Byron King, with a few notes on geothermal energy…

We have finished Day 2 of the Geothermal & Investment Summit. It was an
information-dense set of presentations from some of the leading lights of the
renewable energy development and finance community.

The utilities of the US, if not those in many other parts of the world, have
pressing needs not just to supply power to energy-hungry consumers. But more
than that they must meet both public and political pressures for using
renewable energy sources. Apparently heedless of the impact to the
environment of the Middle Kingdom and abroad, China commissions a new coal-
fired plant every 5 days. Yet in the US there has not been a new coal-fired
power plant permitted in about a year. So over time in North America, the
older systems are passing away. The question is, what will take their place?

To the extent that the public envisions renewable energy systems, the image
it holds is of tall poles with windmill systems on top with blades turning.
Or there is an expectation of solar systems mounted on rooftops, facing the
sun. But these are intermittent sources of energy production. Some of the
time - most of the time, really - the wind does not blow. And at least in the
nighttime, the sun does not shine. So for each Megawatt of power that moves
through the grid, down to meet the load, the requirement is for three
megawatts of installed capacity of wind and solar. Build three, get one. In
the big picture, this is not a good use of resources.

But not so with geothermal, which has demonstrated the ability to meet base
load power requirements. Geothermal offers the prospect of heat energy from
the bowels of the earth, 24/7/365. The fuel is, as the saying goes, “free.”
Or at least, the heat energy of the earth will last a long time, such as at
Locarno in Italy, which has been producing steam since 1904, good times and
bad, in war as in peace. And with a geothermal plant, consider what is not
there. No rail line, for the trains hauling coal from the mine. Come to think
of it, no trains. No mine. No mountain top removal in West Virginia. No
yellow gear, pushing piles of spoil. No valleys filled with that spoil. No
carbon dioxide going up a stack. No stack, even. No NOx. No SOx. No
particulates. The air is cleaner. You can smell it.

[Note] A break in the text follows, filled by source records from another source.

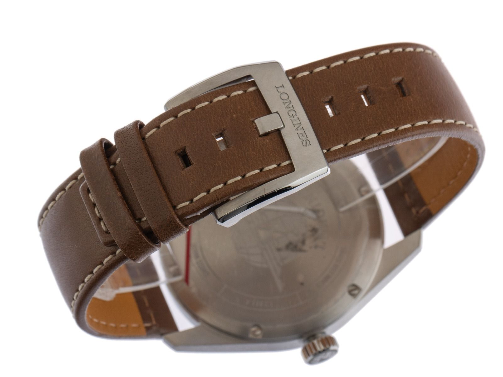 Behuizing gepolijst en gesatineerd roestvrij staal, behuizingsdiameter zonder kroon 42mm, behuizingshoogte 12,2mm. Lünette gepolijst en gesatineerd roestvrij staal. Armband bruin leer met lichte siernaad, aanzetbreedte 22mm, pin-buckle van roestvrij staal met fabrikant-logo. Wijzerplaat zilverkleurig met opgezette Arabische luminescerende cijfers en witte luminescerende wijzers. Uurwerk automatisch, kaliber L888.4, gangreserve ca. 64 uur. Weergave van uur, minuut en seconde via centrale wijzers, datumweergave met snelle instelling bij 3 uur. Saffierglas krasbestendig. Kroon schroefbaar met fabrikant-logo. Achterkant van roestvrij staal 6-voudig geschroefd en gegraveerd. Gewicht van het horloge inclusief armband 89g. Waterdicht tot 10 ATM. Referentienummer: L3.811.4.73.2, ID: ST610230601125H-2250, artikelnummer: 10000083567. Originele Longines doos met omdoos en garantiepapieren van 2025, Full Set. Ongedragen. Levertijd direct.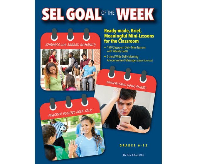 Written with the CASEL Framework in mind, SEL Goal of the Week provides a year’s worth of 3-5 minute scripted discussions, designed to interest and engage middle and high school students. It is a powerful stand-alone SEL curriculum delivered daily in individual classrooms that gains momentum with schoolwide implementation. But, that’s not all!! With built in flexibility, SEL Goal of the Week curriculum can also be utilized by school counselors (with small groups or individual students), club advisors and group leaders by mixing and matching topics based on needs and interests, and combining multiple mini-lessons to fill allotted class times.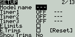 Flight - The timer value is NOT reset when switching models or when the radio is turned off / on. The timer value is only reset when the Reset flight option is selected in the Reset menu.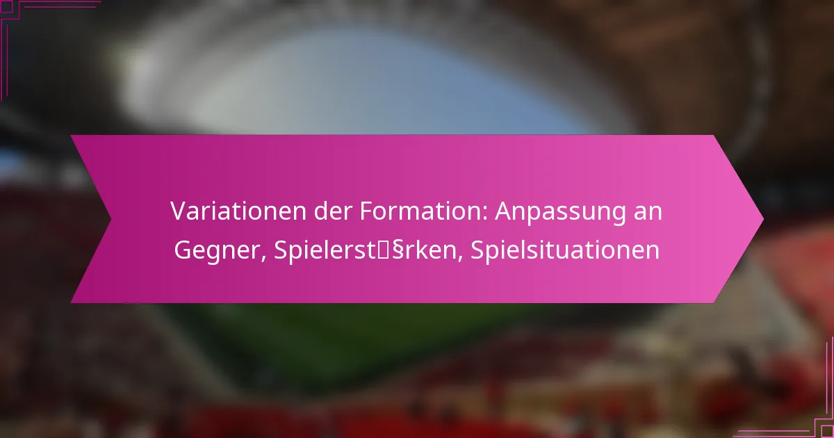 Verschiedene Spielsituationen erfordern unterschiedliche Formationen, um die Teamleistung zu optimieren. Faktoren wie der aktuelle Spielstand, die Stärken des Gegners und spezifische Spielkontexte beeinflussen taktische Anpassungen, die die Erfolgschancen eines Teams erhöhen können.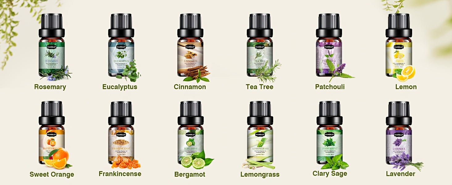 This collection features some of the most sought-after essential oils, including Tea Tree, Lavender, Sweet Orange, Eucalyptus, Lemongrass, Peppermint, Lemon, Bergamot, Frankincense, Rosemary, Patchouli, and Cinnamon Oil.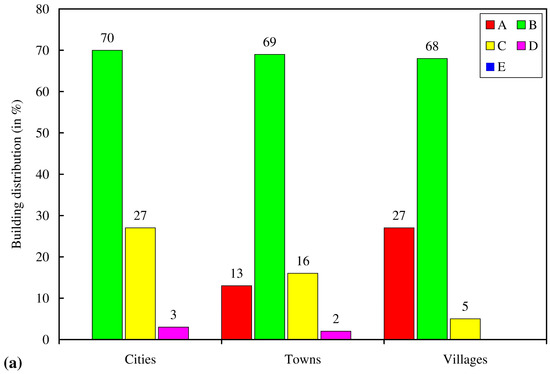 Percentage of building types (a) and percentage of the population in them (b) in the three class sizes of settlements used by QLARM for Italy.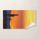 Esta toalla de baño muestra un cuadro digital de una foto original de Karen Coffelt de un naranja brillante y una puesta de sol amarilla sobre las montañas azul-violeta del desierto Sonorán de Arizona con cactus Saguaro en silueta. El desierto del suroeste presenta algunas de las puestas de sol más asombrosas de cualquier región de los Estados Unidos. Esta es una vista del sendero Massacre Grounds en el área silvestre de la Superstición, que está justo a las afueras del Parque Estatal Lost Dutchman en Apache Junction, Arizona, y es un popular destino de senderismo en otoño, primavera e invierno. Personalizar esto con tu nombre u otro texto usando los diferentes estilos de fuente y colores de Zazzle. Añada uno o más de los muchos iconos divertidos que Zazzle ha proporcionado para usted o personalizar en la herramienta de diseño haciendo clic en "clic para personalizar más adelante". ¡Diviértete haciéndolo propio! Si necesitas ayuda, por favor no dudes en contactarme, y estaré más que contento de ayudarte. Puede ponerse en contacto conmigo en KarenCoffelt@wolfmoonartanddesign.com.¡Gracias por buscar! Derechos de autor del arte digital original 2020 de Karen Coffelt.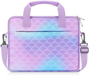 MoKo 10-12.5 Inch Kids Tablet Sleeve Carrying Case for Fire HD 10 13th/11th Gen, Fire HD 8/7 Kids 2022, Tablet Bag with Shoulder Strap for 10/10.1" Android 12/13, Rainbow & Unicorn, Mermaid-Purple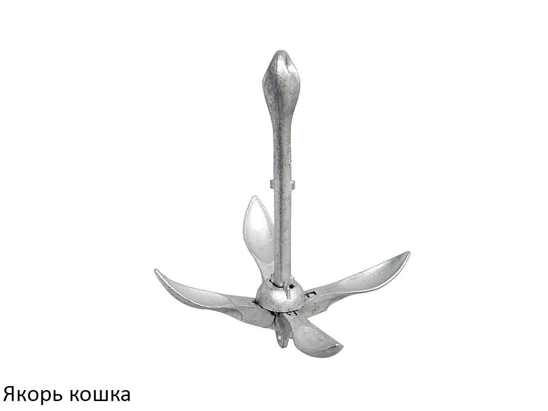 Одна из самых распространенных разновидностей для небольших судов. Устройство можно дополнительно оснастить добавочным весом, что делает его универсальным и позволяет корректировать массу в зависимости от загруженности судна. Вес конструкции находится в пределах от двух до четырнадцати килограммов – чаще всего рыбаки предпочитают более легкие варианты. «Кошка» также может применяться для траления – поиска снастей, утопленных предметов и других вещей.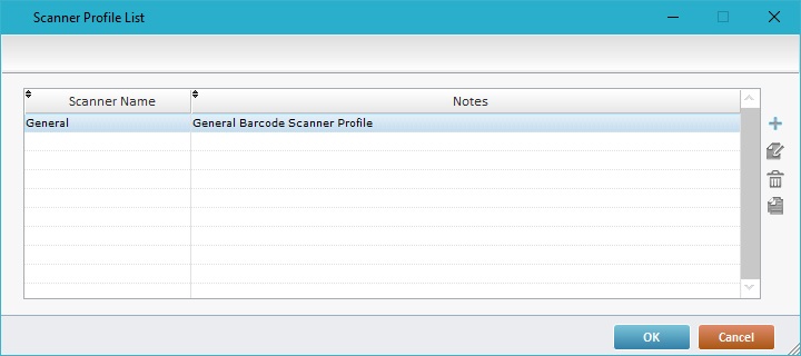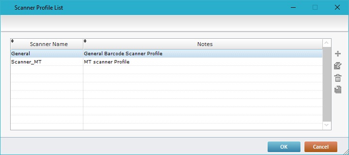 •The default scanner profile, "General", includes generic scanner settings and is editable. •Use the icons located to the right of the table to, respectively, add, delete, edit and/copy barcode scanner profiles. To have more details on creating/editing a barcode scanner profile, see To Create a Barcode Scanner Profile below and To Edit a Barcode Scanner Profile.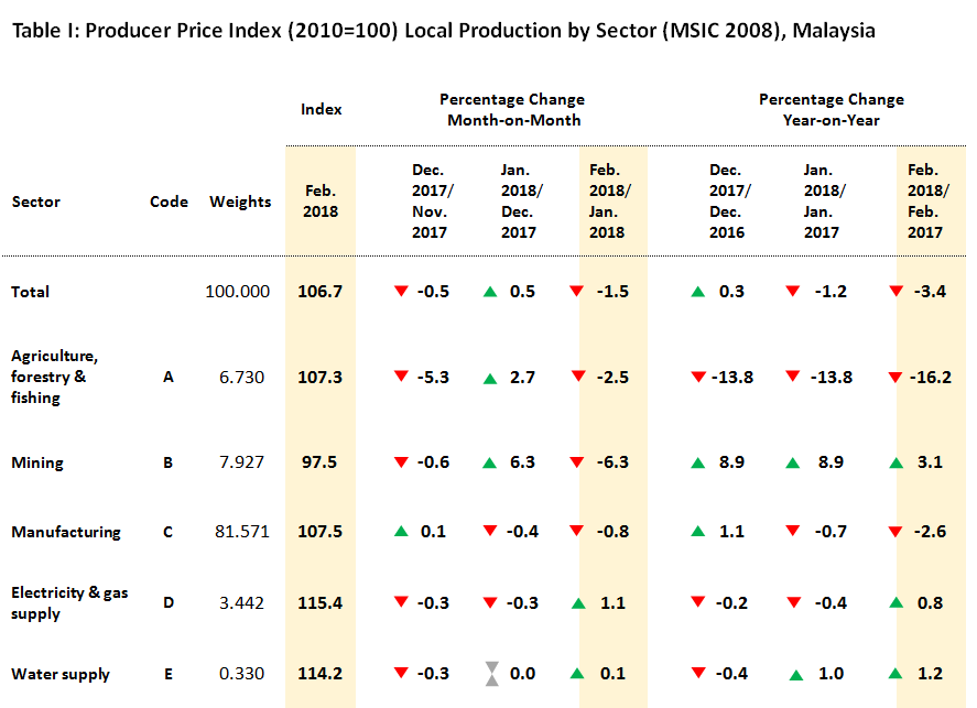 The Producer Price Index (PPI) for local production decreased 3.4 per cent on a year -on- year basis in February 2018 compared to a decrease of 1.2 per cent in January 2018. Among the sectors which decreased during this period were Agriculture, forestry & fishing (-16.2%), and Manufacturing (-2.6%). Meanwhile, the index registered increases for mining (+3.1%), Water supply (+1.2%) and Electricity & gas supply (+0.8%) sectors.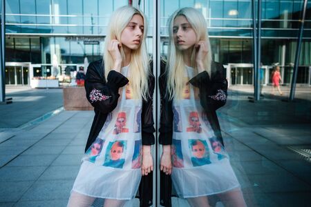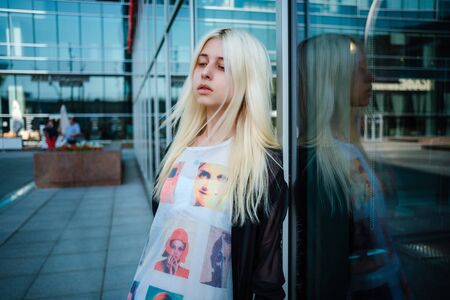 Beautiful young albino woman posing near a business center in Moscow. Japanese fashion, unusual style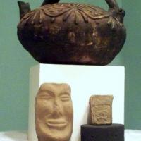 Mayan Artifacts;Pouring vessel.two pottery fragments.Small jade male head.Stone carving axe god.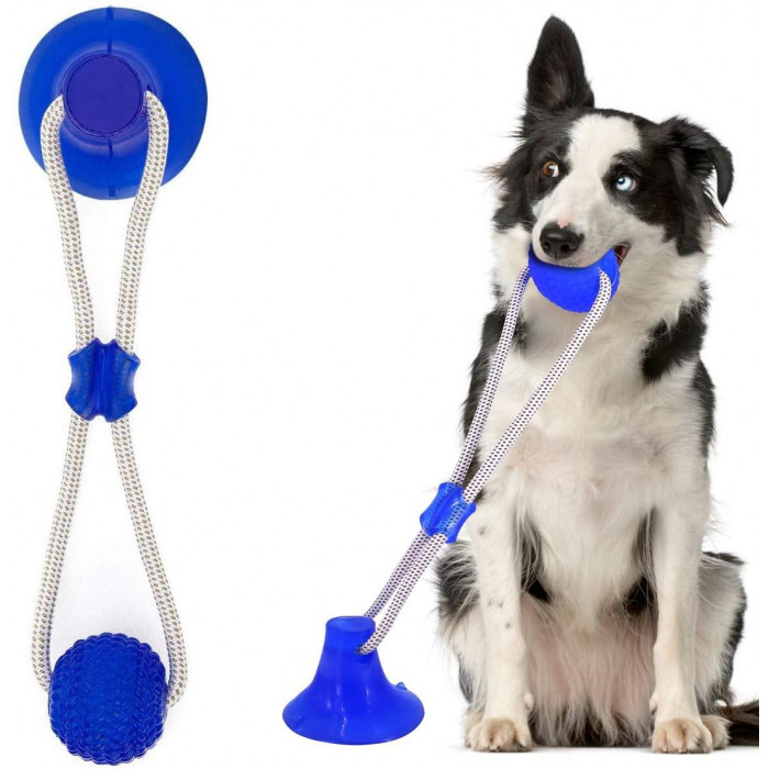 Игрушка для собак канат на присоске с мячом — отлично подходит для щенков при прорезывании зубов, и для активных игр взрослых собак.

On a large scale, geothermal will change the entire energy equation of our
culture. And as much of the fossil-fired infrastructure from decades past has
reached the end of its planned service life, geothermal offers a new way
forward. There is little choice. We have to take this road.

But then again, is geothermal a story that is too good to be true? We won’t
say it in those words exactly. But what are the limitations? They are many.
At the geothermal conference, the room is full of people over age 50, and
people under 30. An entire generation is missing, simply not part of the
industry. This is a legacy of two decades lost to under-investment, a long
procurement holiday, a time when few were hired and many were laid off. And
there is a serious lack of the right kind of rigs, of pipe, of bits, of
skilled personnel who understand how to bring hot water and steam out of a
hole in the ground. There is a lack of turbine systems, and valves, and
insulation materials. And prices for everything, from concrete to galvanized
steel, have been moving up along with the world construction boom.

Really, at the level of boots on the ground the geothermal industry is maxed
out. It is growing, to be sure, but the growth is constrained because
barriers to entry are high. You actually have to know what you are doing to
make a geothermal well, and to put a system together. You need real
equipment, sturdy and well-built and designed from the inside-out to function
in extreme environments. There is no faking it.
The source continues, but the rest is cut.